To test for evidence of coordination between the changes in sex-chromosome genes imparted by SCD (Fig. 2), and the genome-wide transcriptomic variations detected through WGCNA (Fig. 4a), we asked if any SCD-sensitive gene co-expression modules were enriched for one or more of the 5 SCD-sensitive clusters of sex chromosome genes (i.e. “PAR”, “Y-linked”, “XCIE”, “XCI” and the gene XIST). Four WGCNA modules - all composed of >95% autosomal genes - showed such enrichment (Fig. 4e): The Turquoise and Brown modules were enriched for XCI cluster genes, whereas the Green and Blue modules were enriched for XCIE cluster genes. The Blue module was unique for its additional enrichment in PAR genes, and its inclusion of XIST. We generated network visualizations to more closely examine SCD-sensitive genes and gene co-expression relationships within each of these four sex-chromosome enriched WGCNA modules (Fig. 4f Blue and Fig. S3c-e for others, Methods). The Blue module network highlights XIST, select PAR genes (SLC25A6, SFRS17A) and multiple X-linked genes from X-Y gametolog pairs (EIF1AX, KDM6A (UTX), ZFX, PRKX) for their high SCD-sensitivity, and shows that these genes are closely co-expressed with multiple SCD-sensitive autosomal genes including ZWINT, TERF2IP and CDKN2AIP.

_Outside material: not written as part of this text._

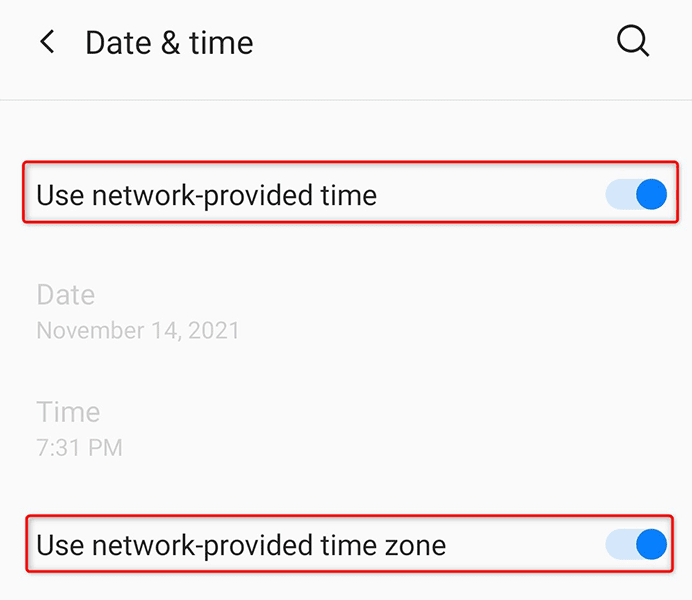 - Active las opciones Usar hora proporcionada por la(Use network-provided time) red y Usar zona horaria proporcionada por la red .(Use network-provided time zone)

Our detection of highly-organized co-expression relationships between SCD sensitive sex-linked and autosomal genes hints at specific regulatory effects of dosage sensitive sex chromosome genes in mediating the genome-wide effects of SCD variation. To test this, and elucidate potential regulatory mechanisms, we performed an unbiased transcription factor binding site (TFBS) enrichment analysis of genes within Blue, Green, Turquoise and Brown WGCNA modules (Methods). This analysis converged on a single TF - ZFX, encoded by the X-linked member of an X-Y gametolog pair – as the only SCD sensitive TF showing significant TFBS enrichment in one or more modules. Remarkably, the gene ZFX was itself part of the Blue module, and ZFX binding sites were not only enriched amongst Blue and Green module genes (increased in expression with increasing X-chromosome dose), but also amongst Brown module genes that are downregulated as X-chromosome dose increases (Fig. 4g). To directly test if changes in ZFX expression are sufficient to modify expression of Blue, Green or Brown modules genes in immortalized lymphocytes, we harnessed existing gene-expression data from murine T-lymphoblastic leukemia cells with and without ZFX knockout (19) (GEO GSE43020). These data revealed that genes downregulated by ZFX knockout in mice have human homologs that are specifically and significantly over-represented in Blue (p=0.0005) and Green (p=0.005) modules (p>0.1 for each of the other 6 WGCNA modules) – providing experimental validation of our hypothesized regulatory role for ZFX.
DISCUSSION
In conclusion, our study – which systematically examined gene expression data from 470 individuals representing a total of 9 different sex chromosome karyotypes - yields several new insights into sex chromosome biology with consequences for basic and clinical science. First, our discovery and validation of X-linked genes that are upregulated by reducing X-chromosome count – so that their expression is elevated in XO vs. XX for example – runs counter to dominant models of sex chromosome dosage compensation in mammals, and thereby modifies current thinking regarding which subsets of X-chromosome genes could contribute to sex and SCA-biased phenotypes (20). We speculate that this newly-observed non-canonical mode of X-chromosome dosage sensitivity could arise through one or more of the following candidate mechanisms: (i) repression of X-linked genes on the active X-chromosome by genes that are expressed from inactive X-chromosomes, and (ii) sensitivity of X-linked genes on the active X-chromosome to the changes in nuclear heterochromatin dosage that would follow from varying numbers of inactivated X-chromosomes (21).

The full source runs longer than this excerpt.